Total number of words: 667 words
Learning textbook knowledge can cultivate higher-order thinking skills, but its impact is limited.
According to Bloom's taxonomy of educational objectives, cognitive domain goals can be classified into remembering, understanding, applying, analyzing, synthesizing, and evaluating, with higher-order thinking encompassing analysis, synthesis, and evaluation.
Anderson divides cognitive objectives into two dimensions: "knowledge" and "cognitive processes." The "knowledge" dimension includes factual knowledge, conceptual knowledge, procedural knowledge, and adds metacognitive knowledge. The "cognitive processes" dimension includes memory, understanding, application, analysis, evaluation, and creation. Creativity, imagination, analytical and problem-solving abilities are considered higher-order skills in some sense, and these abilities happen to be some of the strengths of human beings.
▲Fourth-graders song in the project "My Friends"
Project-based learning poses systematic reasoning, analysis, problem-solving, evaluation, and creative higher-level cognitive tasks for learners. Students need to plan, independently search for information, memorize, analyze, compare, organize, and synthesize information, and build a foundation of knowledge and skills. They design plans, attempt to solve problems, or complete projects. The knowledge and skills required for problem-solving are structured and organized within the project, where higher-order learning drives and envelops lower-order learning. Therefore, the instructional objectives of project-based learning directly target higher-order thinking skills.
If the classroom is filled with only lower-order thinking activities, students' engagement and development are insufficient. On the other hand, if it consists solely of higher-order thinking activities that surpass students' challenge capacity, they may experience frustration and lose motivation to learn.
In a single lesson, combining both lower-order and higher-order thinking activities to form a diverse, progressively layered core set of classroom activities is essential. This approach allows for the development of students' lower-order thinking while avoiding the loss of development in higher-order thinking, thereby achieving the effectiveness of classroom teaching.
Display Boards of
the Fourth-Grade Project "My Friends"
Higher-order thinking cannot be achieved through memorization alone. Only when teachers empower students by teaching methods and strategies, enabling them to independently engage in constructive activities, mobilizing their intrinsic motivation, and actively and deeply learning, can higher-order thinking be nurtured.
Project-based learning involves knowledge, information, and problems within a vast array of situations, requiring teachers to possess extensive knowledge and a structured knowledge framework. This promotes active collaboration among teachers from different disciplines and establishes a bridge for teachers and students to collectively address and solve problems.
The Children Rehearsed a Play and Showed it on Stage
For example, in the fourth-grade project "My Friends", students explore the architectural art and cultural history of various countries worldwide. Through group collaboration, they gather information and create posters and written materials. Additionally, they use English to introduce famous figures from around the world and notable characters from Chinese classical novels.
The Outdoor Study Exploration "Into the Window of the World, Exploring the World's Flavors" takes children into the park to learn about the architecture of Europa, the history and culture of the Pharaohs, about Spartan Training Camp, and about the Grand Canyon of Colorado in simulated architectural gardens of countries from around the world and in field explorations...Students deepened their knowledge of the project from both disciplinary and artistic perspectives.

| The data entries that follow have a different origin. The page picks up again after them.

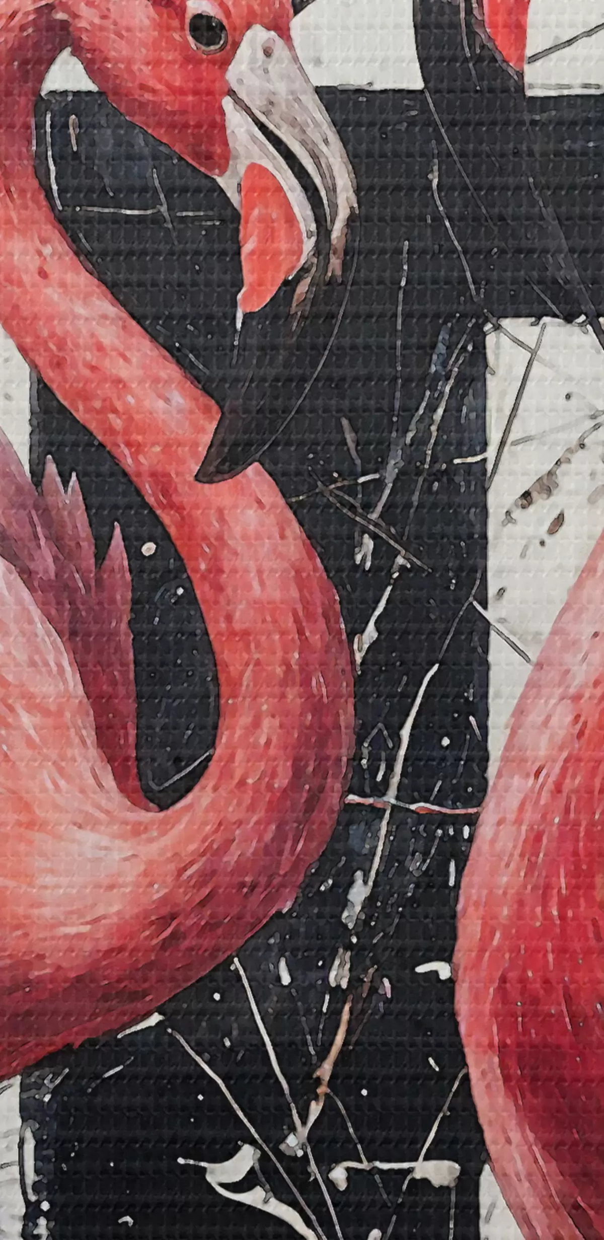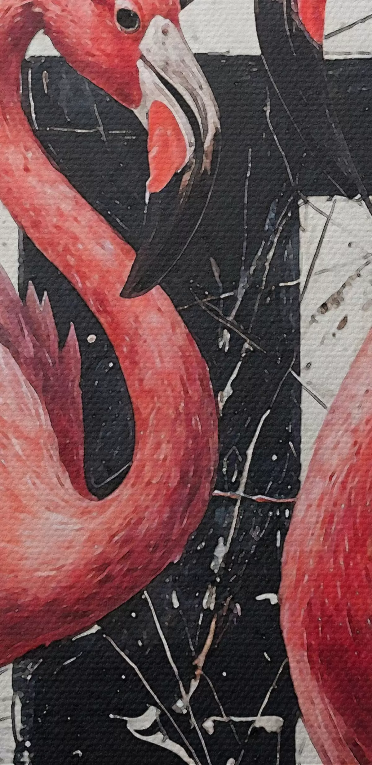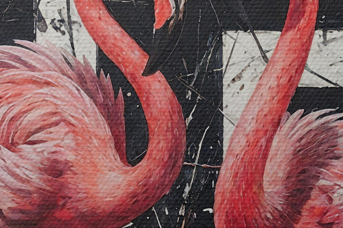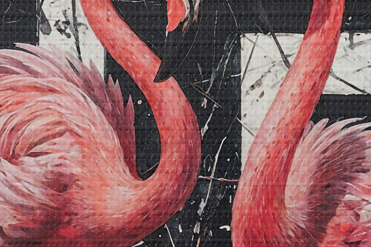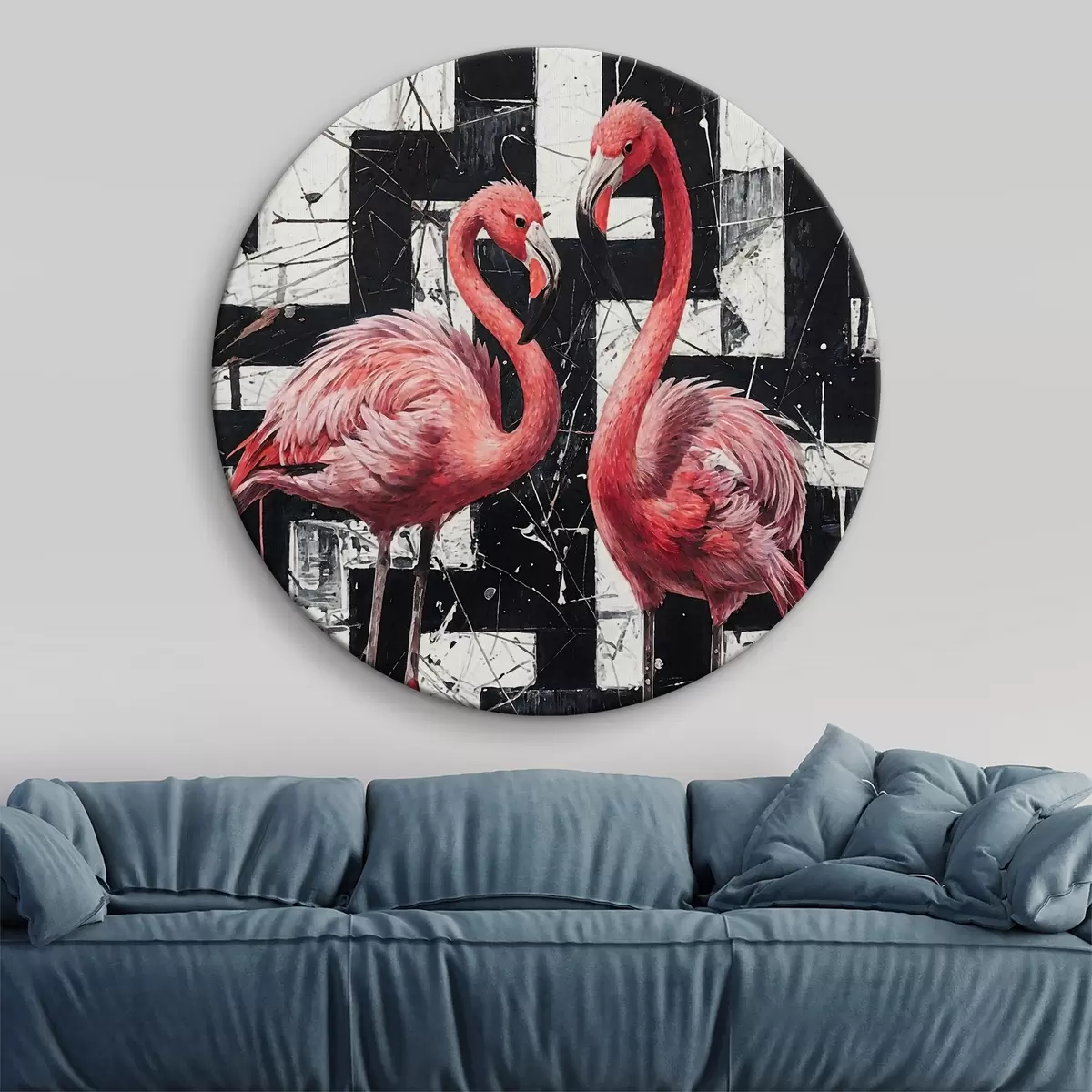 Кругла картина Два рожеві фламінго стоять перед чорно-білим абстрактним фоном художнього живопису Nr r38954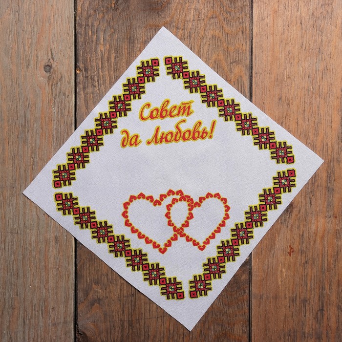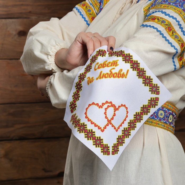 Платочек "Совет да любовь" В-101 предназначен для встречи родителями молодожёнов хлебом и солью и символизирует нерушимую связь двух любящих сердец.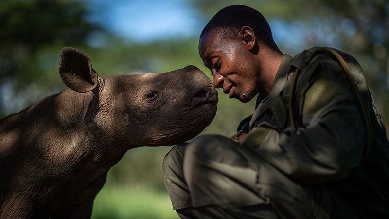 Estas incluyen la de un desafortunado orangután siendo explotado para un espectáculo, tomada por Aaron Gekoski; la dramática foto de una madre jaguar con su cachorro enfrentándose a una anaconda, captada por Michel Zoghzhogi; el conmovedor retrato de un guarda forestal y el rinoceronte negro bebé en su cuidado, registrada por Martin Buzora; y un grupo de renos árticos blancos en la nieve fotografiado por Francis De Andres.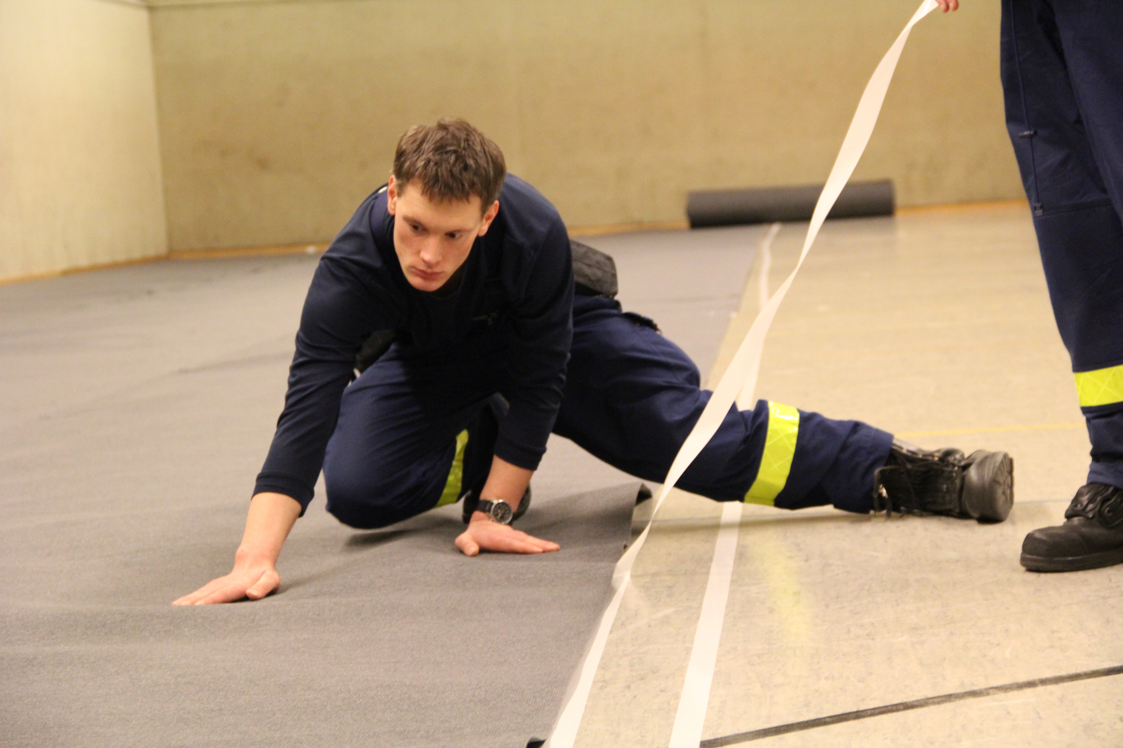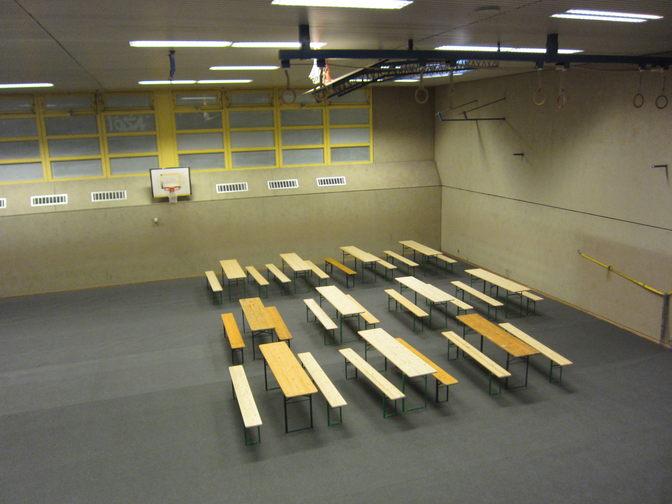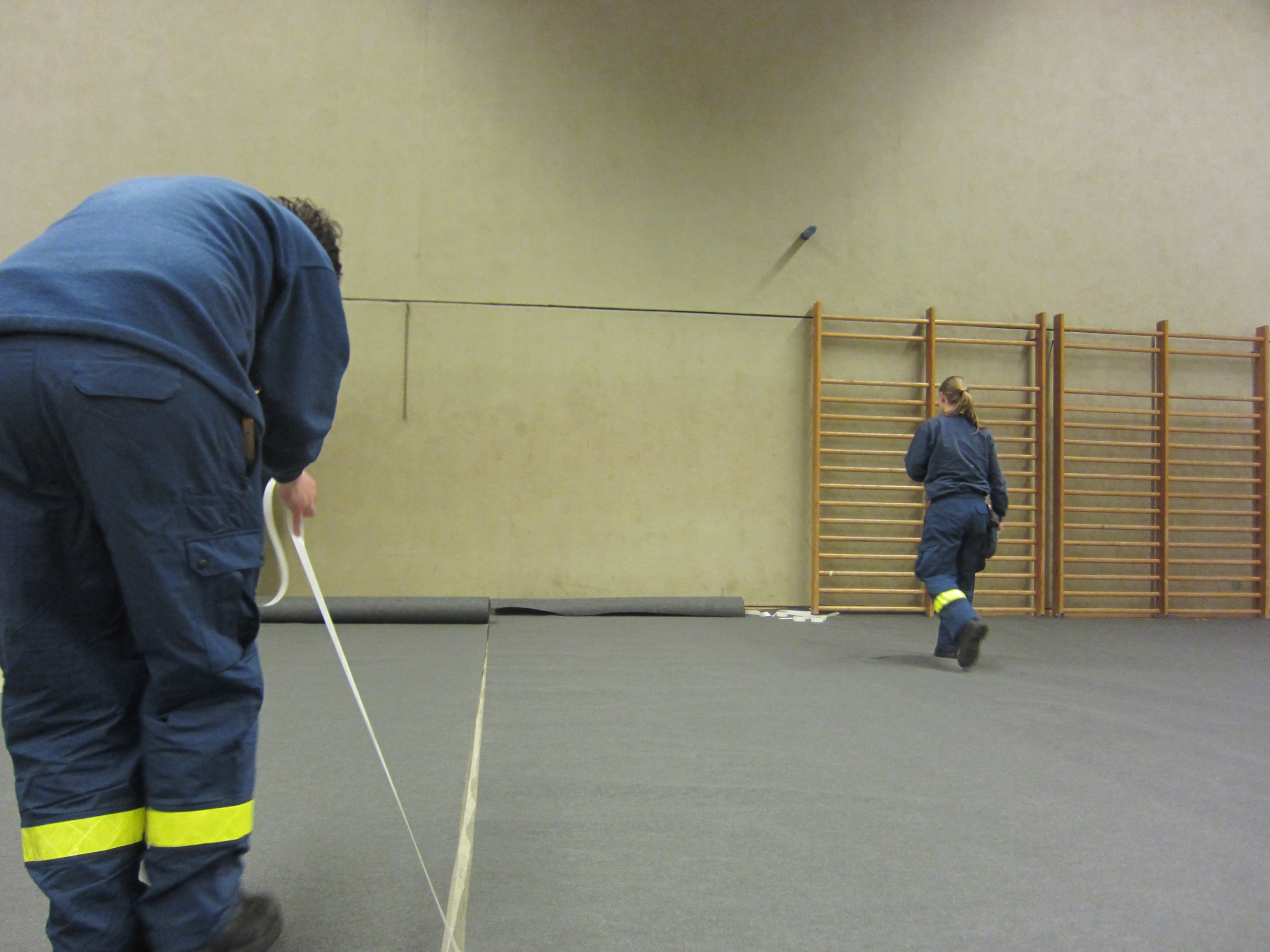 Am Nachmittag des 23. Dezember wurden unsere Helferinnen und Helfer, nur vier Tage nach dem letzten Einsatz dieser Art, wieder angefordert, um bei der Einrichtung zu helfen. Die Tätigkeiten waren weitestgehend dieselben: In möglichst kurzer Zeit den Boden einer Turnhalle mit Schutzbelag ausstatten, Betten und Sitzgelegenheiten aufstellen und für die neuen Bewohner bezugsfertig machen. Wegen der massiven Stahlbetten und der anderen Aufteilung der beiden Räume in dem Komplex war dafür aber eine wesentlich höhere Anzahl von Einsatzkräften notwendig.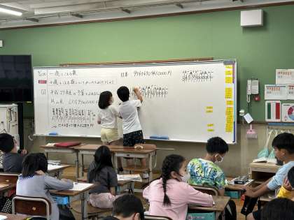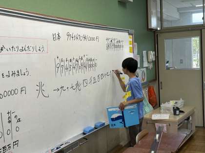 今日は十憶をこえる数について学習しました。位をしっかりとったり,漢字に直したりするのをがんばりました!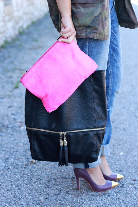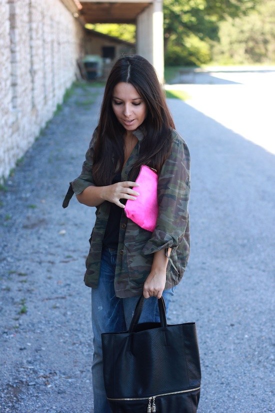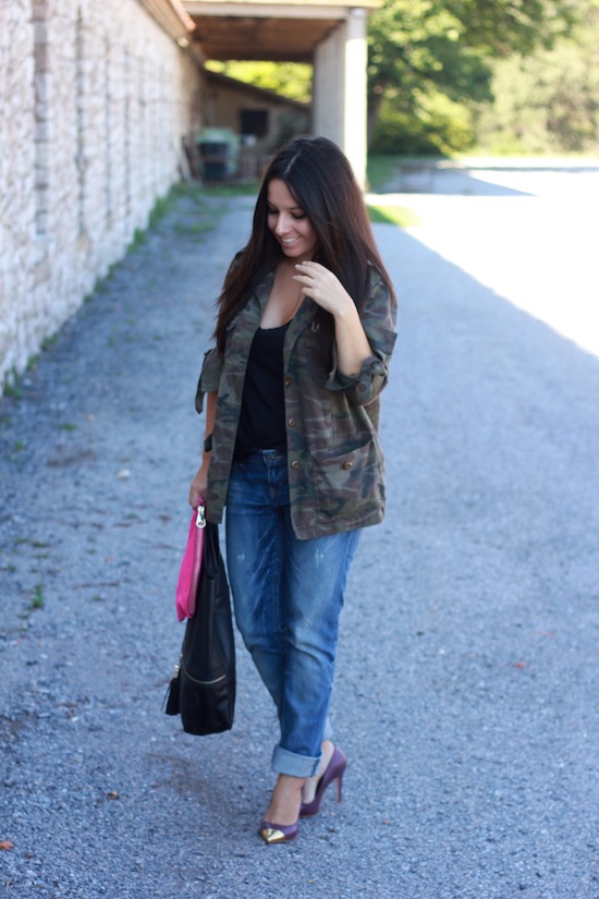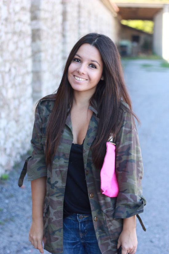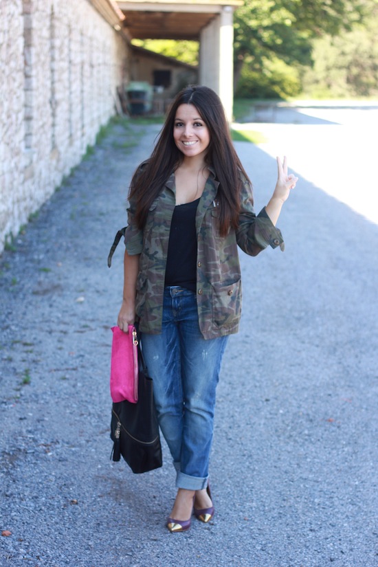 J’aime beaucoup cette tenue et surtout l’association de la veste militaire avec ces escarpins, ce jean boyfriend et la pochette fluo !! Un look pétant ! 😉 Bonne soirée !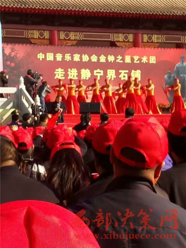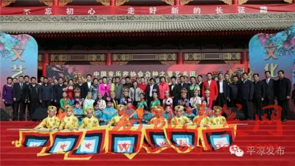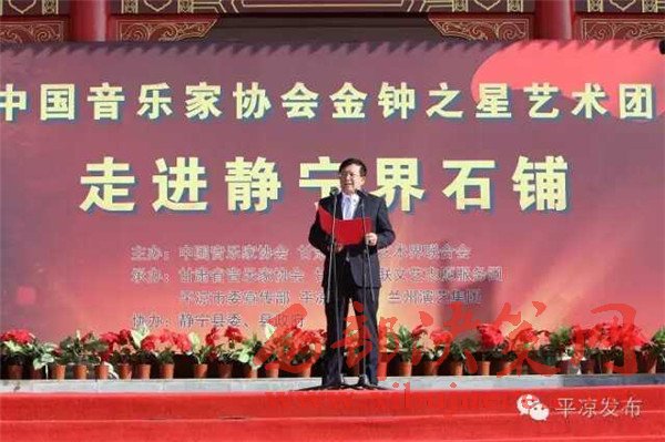 11月3日,在全國上下認真學習貫徹黨的十八屆六中全會精神、隆重紀念紅軍長征勝利80周年之際,由中國音樂家協(xié)會、甘肅省文聯(lián)主辦,甘肅省音樂家協(xié)會、甘肅省文聯(lián)文藝志愿者服務團、平?jīng)鍪形麄鞑?、平?jīng)鍪形穆?lián)承辦,靜寧縣委、縣政府協(xié)辦的“長征精神代代傳——中國音協(xié)金鐘之星藝術團‘送歡樂·下基層’慰問演出活動”在靜寧縣界石鋪紅軍長征毛澤東舊居紀念館演出。

The methods, strategies, and competency-centered cultivation approaches provided by interdisciplinary project-based learning will subtly infiltrate and migrate into the teaching of specialized subjects. This allows for the integration of content across different disciplines in subject-based learning.
Additionally, in terms of learning strategies, a balance can be struck between imparting knowledge and encouraging exploration within limited time. Efforts can be made to incorporate problem-based and project-based learning methods into foundational courses as much as possible.
There will also be a shift in the philosophy and methods of assessment.
Fourth graders explored
in Windows of the World Park
To foster the development of higher-order thinking, teachers should allow children to make mistakes and not insist solely on correct answers. In project-based learning, students frequently encounter setbacks and failures. Intentionally integrating these experiences into everyday educational activities, encouraging students to, at times, engage in creative imagination like writers and artists; explore the unknown rigorously like scientists; and, at times, approach tasks with an engineering mindset to structure, operate, and solve problems.
Questioning, trial and error, and creativity involve a continuous process of making mistakes, maintaining intrinsic motivation for learning, and adopting a proactive learning attitude. Over time, interdisciplinary knowledge and skills, along with the social competence to creatively apply knowledge, accumulate gradually and are achieved.